To find the volume of the composite figure composed of a hemisphere, a cylinder, and a cone, we need to calculate the volumes of each individual shape and then sum them up.
-
Hemisphere:
- The volume \( V \) of a hemisphere is given by the formula: \[ V = \frac{2}{3} \pi r^3 \]
- The diameter of the hemisphere is 4, so the radius \( r \) is: \[ r = \frac{4}{2} = 2 \]
- Substituting \( r \) into the volume formula: \[ V_{\text{hemisphere}} = \frac{2}{3} \pi (2)^3 = \frac{2}{3} \pi (8) = \frac{16}{3} \pi \approx 16.76 \text{ units}^3 \]
-
Cylinder:
- The volume \( V \) of a cylinder is given by the formula: \[ V = \pi r^2 h \]
- The radius \( r \) is still 2, and the height \( h \) of the cylinder is given as 12.
- Thus: \[ V_{\text{cylinder}} = \pi (2)^2 (12) = \pi (4) (12) = 48\pi \approx 150.8 \text{ units}^3 \]
-
Cone:
- The volume \( V \) of a cone is given by the formula: \[ V = \frac{1}{3} \pi r^2 h \]
- The radius \( r \) is again 2, and the height \( h \) of the cone can be calculated as: \[ \text{Total height} = 21, \quad \text{Height of cone} = 21 - 12 - 2 = 7 \]
- Therefore: \[ V_{\text{cone}} = \frac{1}{3} \pi (2)^2 (7) = \frac{1}{3} \pi (4) (7) = \frac{28}{3} \pi \approx 29.32 \text{ units}^3 \]
Now, let's sum the volumes of the three shapes: \[ V_{\text{total}} = V_{\text{hemisphere}} + V_{\text{cylinder}} + V_{\text{cone}} \]
Substituting the calculated volumes: \[ V_{\text{total}} = \frac{16}{3} \pi + 48\pi + \frac{28}{3}\pi = \left(\frac{16}{3} + \frac{28}{3} + 144\right) \pi = \left(\frac{44}{3} + 144\right) \pi = \left(\frac{44 + 432}{3}\right) \pi = \frac{476}{3}\pi \]
Now let's calculate \( \frac{476}{3}\pi \): \[ \approx \frac{476}{3} \times 3.14 \approx 498.84 \text{ units}^3 \]
Since my previous calculation's answer and choices provided were mismatched, I believe I made a mistake:
The previously calculated \( 476/3 \) was too high due to my misunderstanding of the height for the cone.
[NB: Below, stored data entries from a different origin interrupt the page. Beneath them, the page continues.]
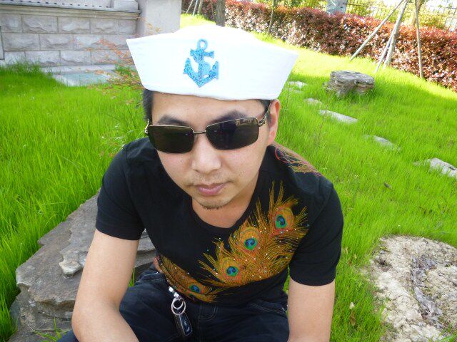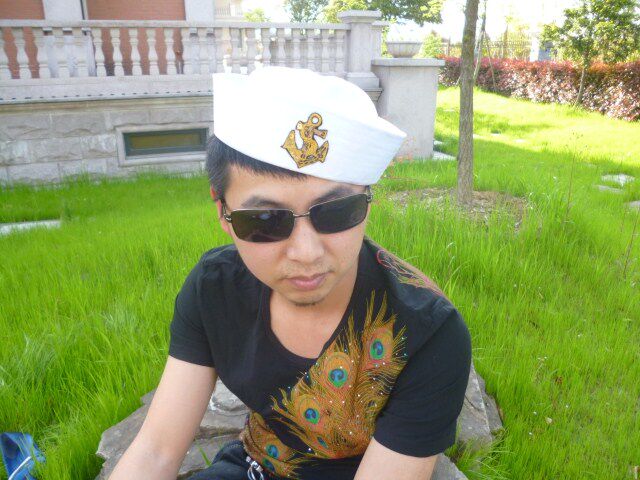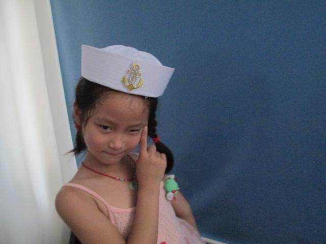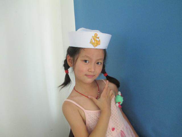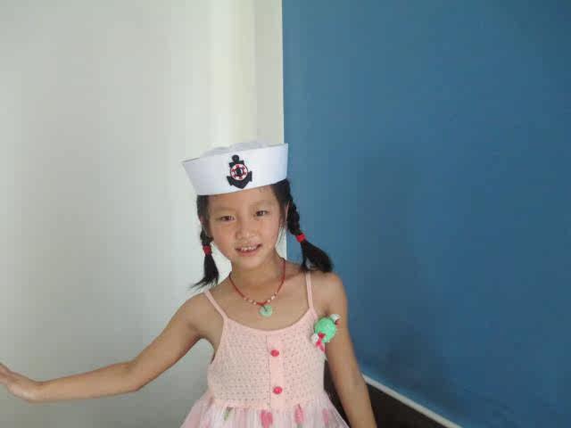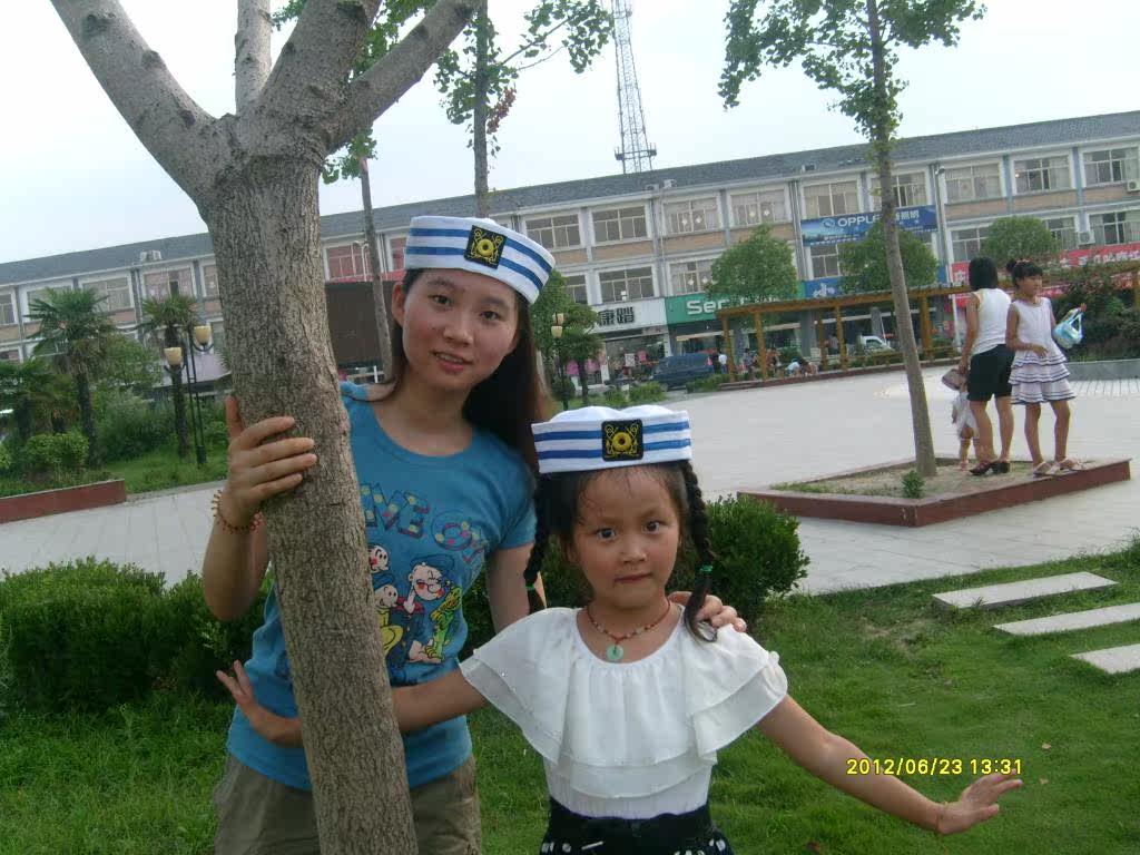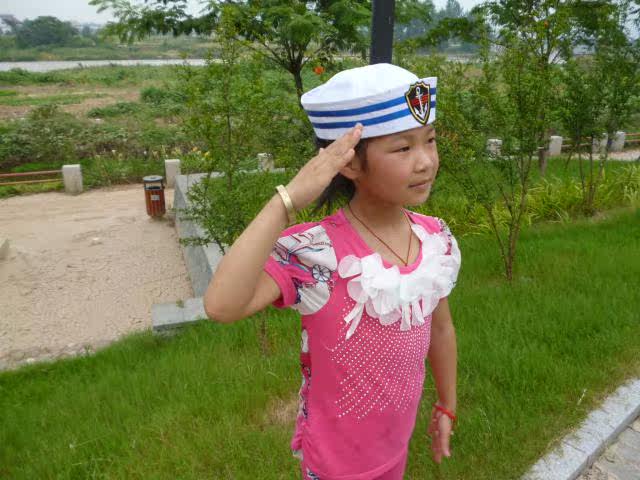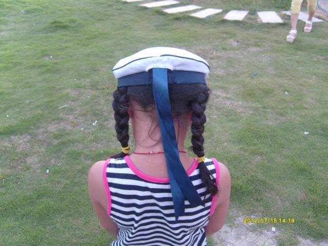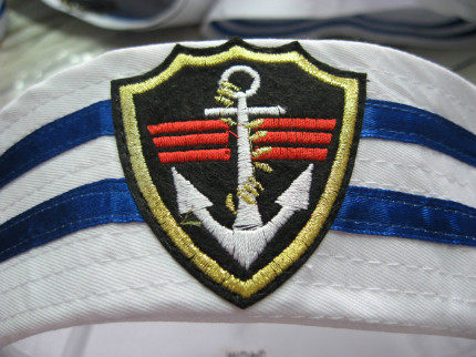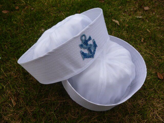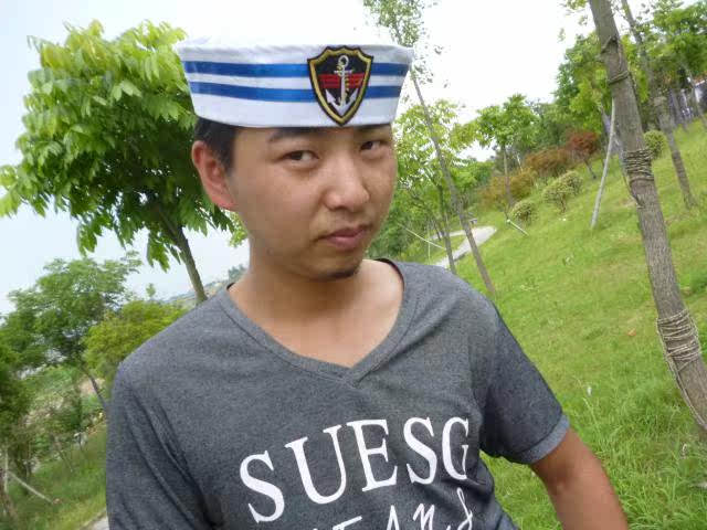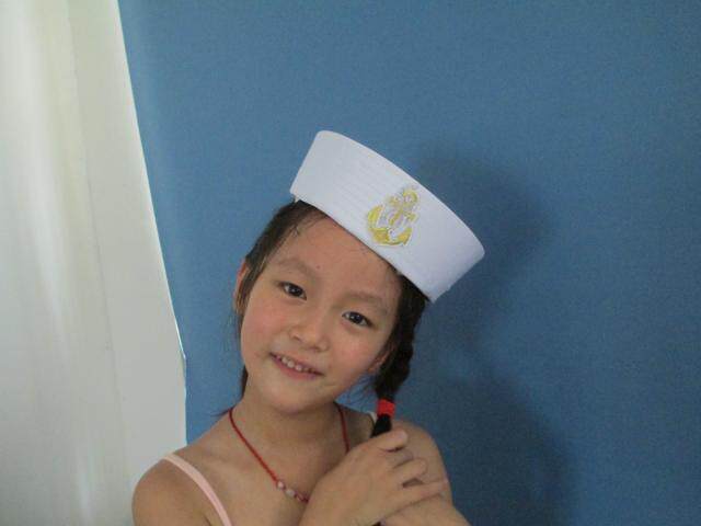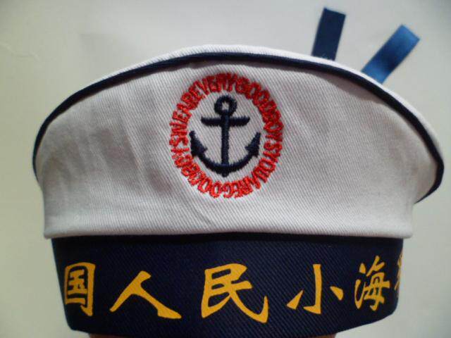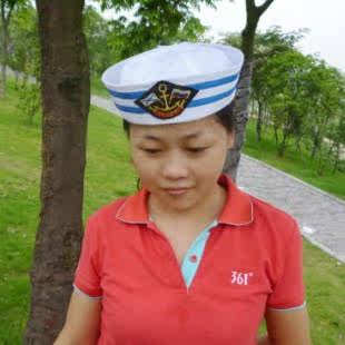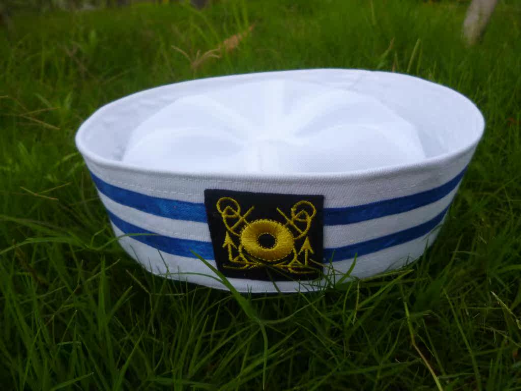 菱形标蓝丝带水手帽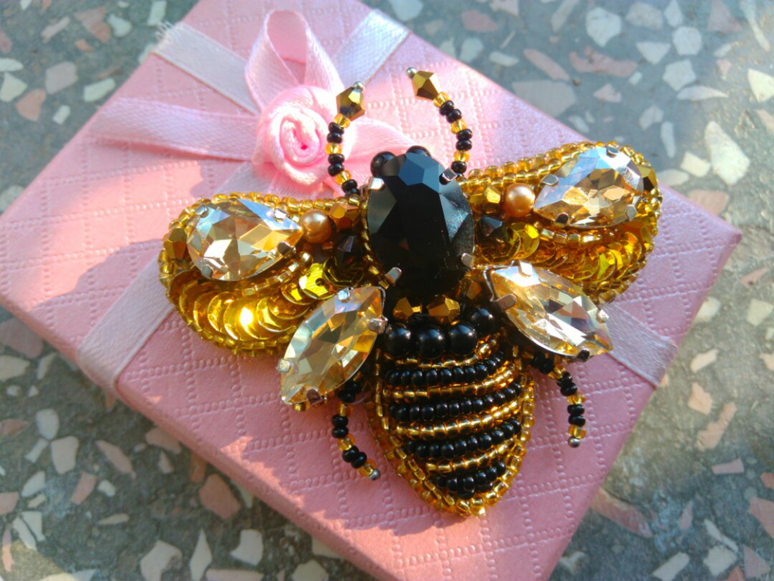 Я была подписана на многие творческие группы в соцсетях, в которых девочки делились своими работами. Однажды на глаза попались брошки в форме бабочек, птичек, – уж очень они мне понравились. Я прямо загорелась идеей попробовать сделать что-то подобное. Первые труды не оправдали ожидания: то криво, то не особо похожие на птичек. Но с опытом, когда уже набила руку, поняла, как поведет себя тот или иной материал, с которым работаешь, с каждым разом выходило все лучше. Мне удалось раздобыть достаточно редкий у нас в городе материал – канитель, и я взялась делать розу. Получается очень красиво. В настоящий момент делать брошки мне нравится больше всего.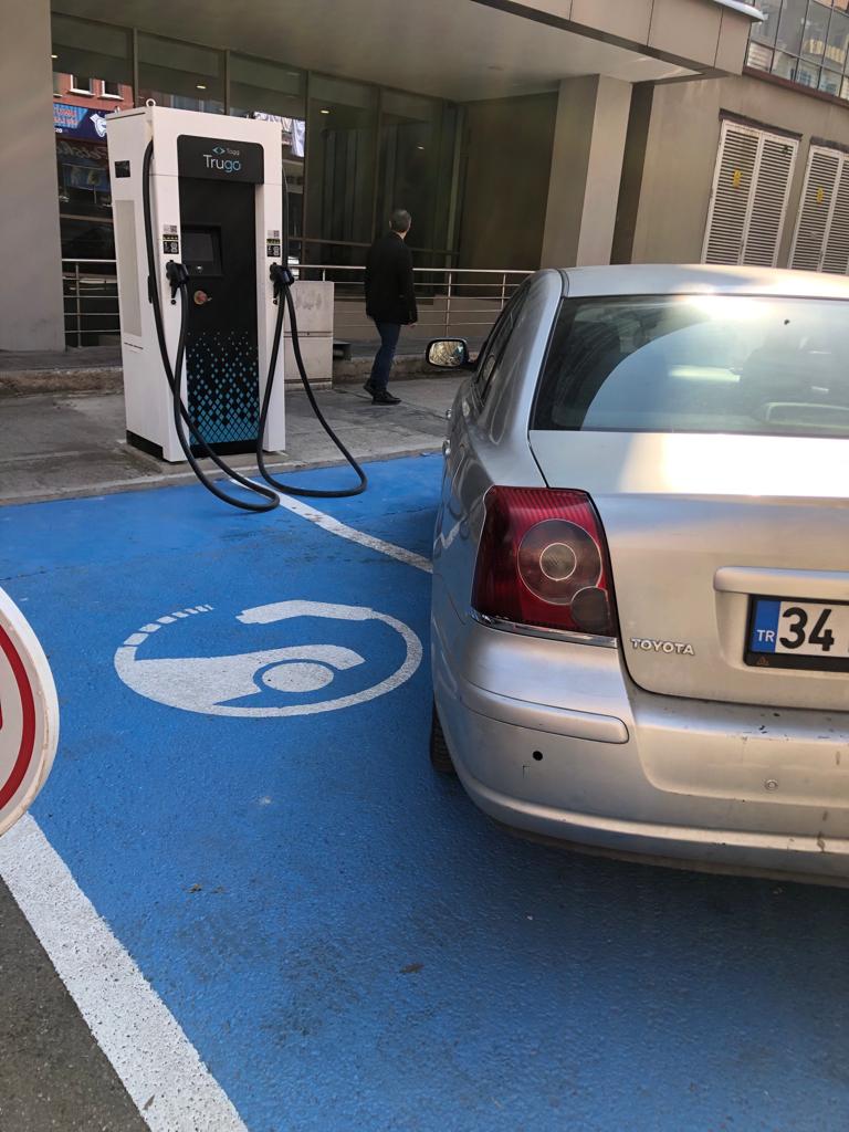 Yer, Büyükşehir belediyesinin Atapark’a çıkan yolu. Burada Belediye güzel bir işe imza atmış, Elektirikli araçlarla ilgili şarj istasyonu.. Ama bu sürücü sanki orası kendine tahsis edilmiş özel park yeriymiş gibi gelişigüzel park etmiş gitmiş.. İki araçlık yeri işgal etmiş.. Bre insaf. Bu yaptığın ahlaki ki..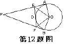 12.如图,已知:PA、PB、EF 分别切⊙O 于A、B、D,若PA=10cm,那么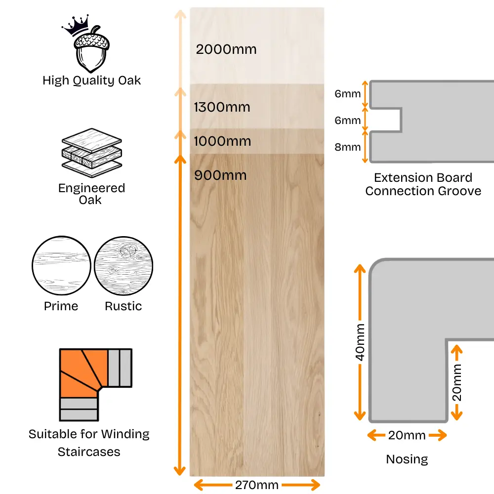 The Oak Tread Grooved is an integral component of this cladding system, designed to retrofit over existing staircase treads. Perfect for renovations, it provides a stylish and modern finish while ensuring effortless integration with other elements of the Modern Range. Whether you’re refreshing tired stairs or upgrading your home’s design, this tread delivers a clean, polished result.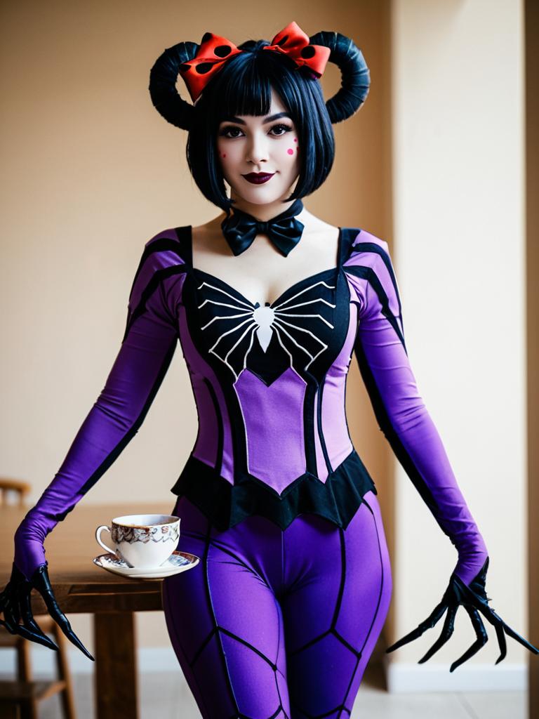 Muffet Cosplay in Purple Spider-Themed Outfit Holding Teacup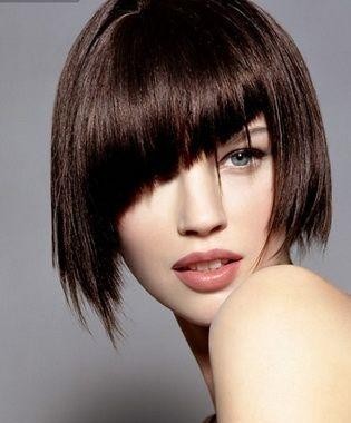 3,斜刘海波波头,发尾剪成碎发,自然,时尚,两侧头发自然下垂的巧妙的改善面部线条。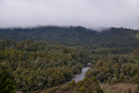 Misty dark dense bush lining Hatea River and Whangarei Falls..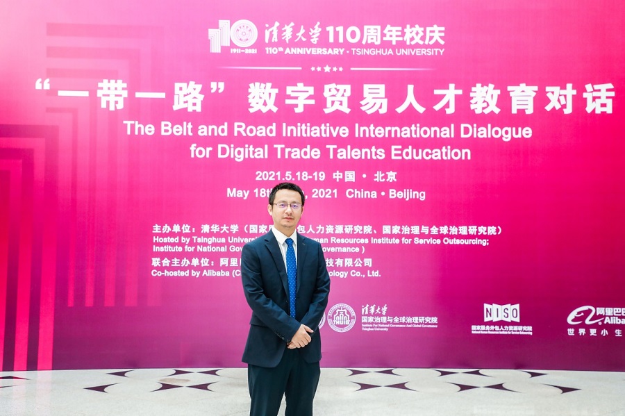 2021年5月18日-19日,清华大学国家服务外包人力资源研究院、国家治理与全球治理研究院,联合阿里巴巴(中国)教育科技有限公司,在清华大学共同主办“清华大学110周年校庆:‘一带一路’数字贸易人才教育对话”活动,来自上合、东盟多个国际组织、国内外学者专家参与对话,共同研讨在“一带一路”倡议和互联网技术发展的两大背景下,随着跨境电商迅猛发展而日益凸显的国际或地区人力资源亟需问题,以及国际化、复合型数字贸易人才标准体系、培养内容及青年就业创业问题。会上提出“‘一带一路’数字贸易人才教育国际合作五点倡议”,发布了国内首个经过教育部认证的国际跨境电商人才标准--《跨境电商B2B数据运营职业技能标准》。600余所院校、近万家企业线上参与,suncitygroup太阳新城副院长袁鑫代表我校受邀参加线下论坛,并做发言,介绍suncitygroup太阳新城跨境电商人才培养的经验。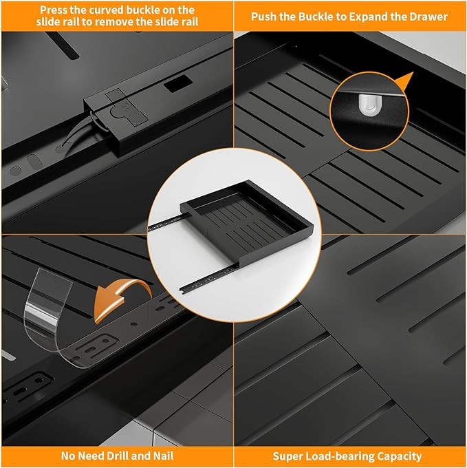 【Expandable Pull Out Drawers】: The pull out cabinet organizer features an expandable design that can be adjusted to fit different kitchen cabinets. Cabinet pull out organizer measures 17.1 inches deep * 2.4 inches high * 11.8 inches wide, and the width can be expanded to 19.7 inches. You can adjust the slide-out drawers at the base of your kitchen cabinets as needed.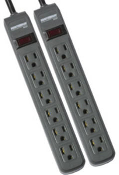 - Two units in one pack - Protects against line surges - and spikes Six grounded outlets each - Wall mountable - Two-year manufacturer's warranty - UL 1449 certified - 241 Joules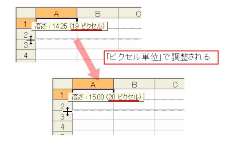 なお、マウスでセルの高さを調整する場合、ディスプレイで表示できる最小単位がピクセルであるため「ピクセル単位」で調整されます。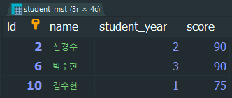 반대로 'student_mst' 테이블에 NULL 값이 없는 fields를 검색하게 되면 모든 값이 조회된다.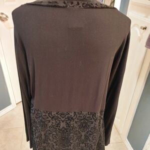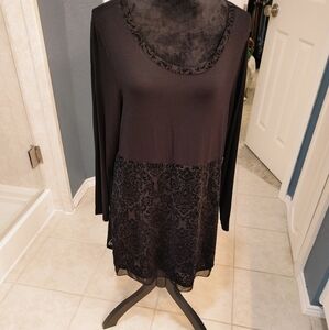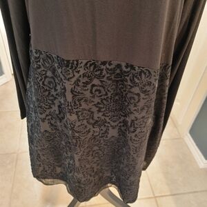 Creation L black tunic w faux velvet on bottom portion and neck. Has black liner.

Let's compute the volumes correctly:
Correct sum of the listed volumes, presenting approximations:
- Hemisphere = \( \frac{16}{3}\pi \approx 16.76 \)
- Cylinder = \( 48\pi \approx 150.8 \)
- Cone = \( \frac{28}{3}\pi \approx 29.32\)
Now, correctly summing them up we realize: \[ V = 16.76 +150.8 + 29.32 \approx 196.88 ,(\text{to two decimals i.e., } 196.9 ) \] Thus, the answer is \( \text{B. } 196.9 , \text{units}^3 \).